In fact, almost every break in this case came from civilians. Key video footage of the two terrorists during the initial attack was provided from the private security cameras of department store Lord & Taylor; this is in addition to other video and still images provided by race spectators. The initial manhunt began with the eight words of bombing witness and victim Jeff Bauman, who wrote to police: “Bag, saw the guy, looked right at me.” And, Tsarnaev was eventually discovered -- not by police, but by homeowners who ventured outside after the curfew was lifted and noticed their boat cover was disturbed.
This key involvement by citizens in the final resolution of the Boston manhunt, however, has not slowed elected officials from clamoring for increased government power to spy on citizens. Both U.S. Congressman Peter King (R-NY) and New York City Mayor Michael Bloomberg have called for even more surveillance cameras than already network the streets of New York and other major cities; with King noting [somewhat incorrectly] that increased surveillance “keeps us ahead of the terrorists, who are constantly trying to kill us.” Additionally, Sen. Graham used the bombing to further one of his pet projects -- as proof of the need for drones to surreptitiously surveil private citizens. He told the Washington Post, “[i]t sure would be nice to have a drone up there.”
The speed with which many elected and appointed public officials rushed to call for more government power to surveil and control the citizenry in the immediate aftermath of the Boston Marathon bombing, is similar to the knee-jerk responses to recent mass shootings such as that by deranged individual Adam Lanza in Newtown last December.

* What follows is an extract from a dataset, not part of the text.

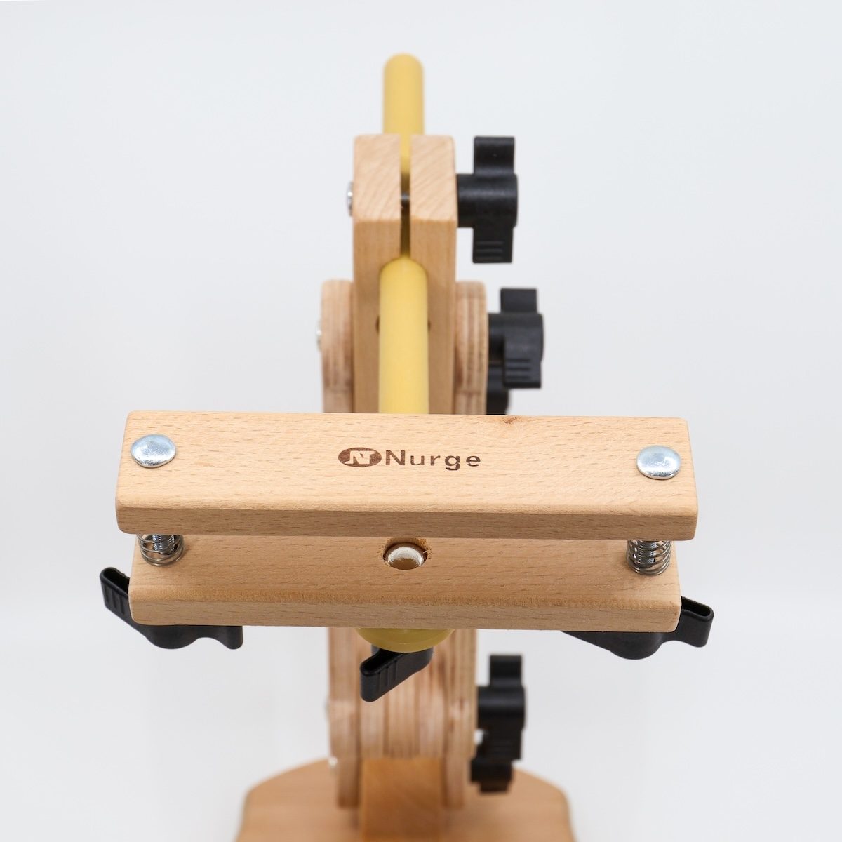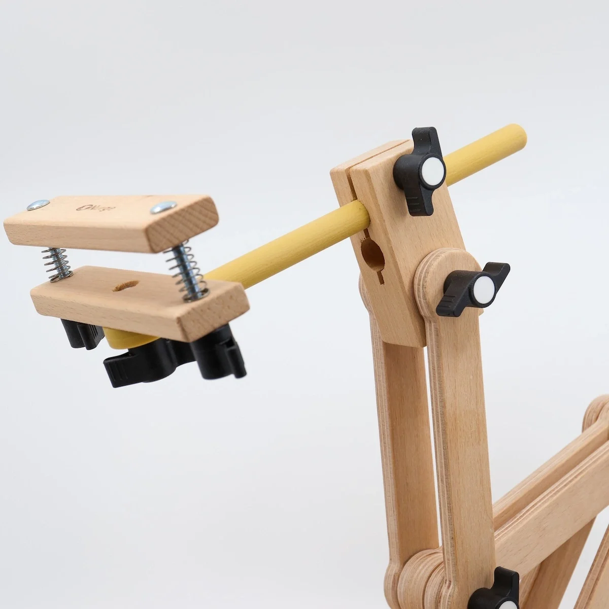 Este lifesaver da Nurge é feito em madeira maciça e tem 5 pontos de articulação. A base larga e sólida oferece estabilidade e permite-te bordar à mesa ou sentada no sofá, prendendo-o debaixo das pernas. O destaque especial vai para o grampo: segura firmemente bastidores mais largos, oscila e roda a 360° (dando acesso imediato à parte de trás do bordado).

Post mortems in both instances are appropriate and necessary to see if gaps in public policies existed, or if mistakes were made. However, overlooking the vast powers already available to the government and claiming yet further powers are necessary, regardless of their legality or constitutionality, should not be among the responses by public officials; and they should not be countenanced by, or acquiesced to, the American public. Unfortunately, cooler heads once again may not prevail, and the Constitution may yet be further eroded.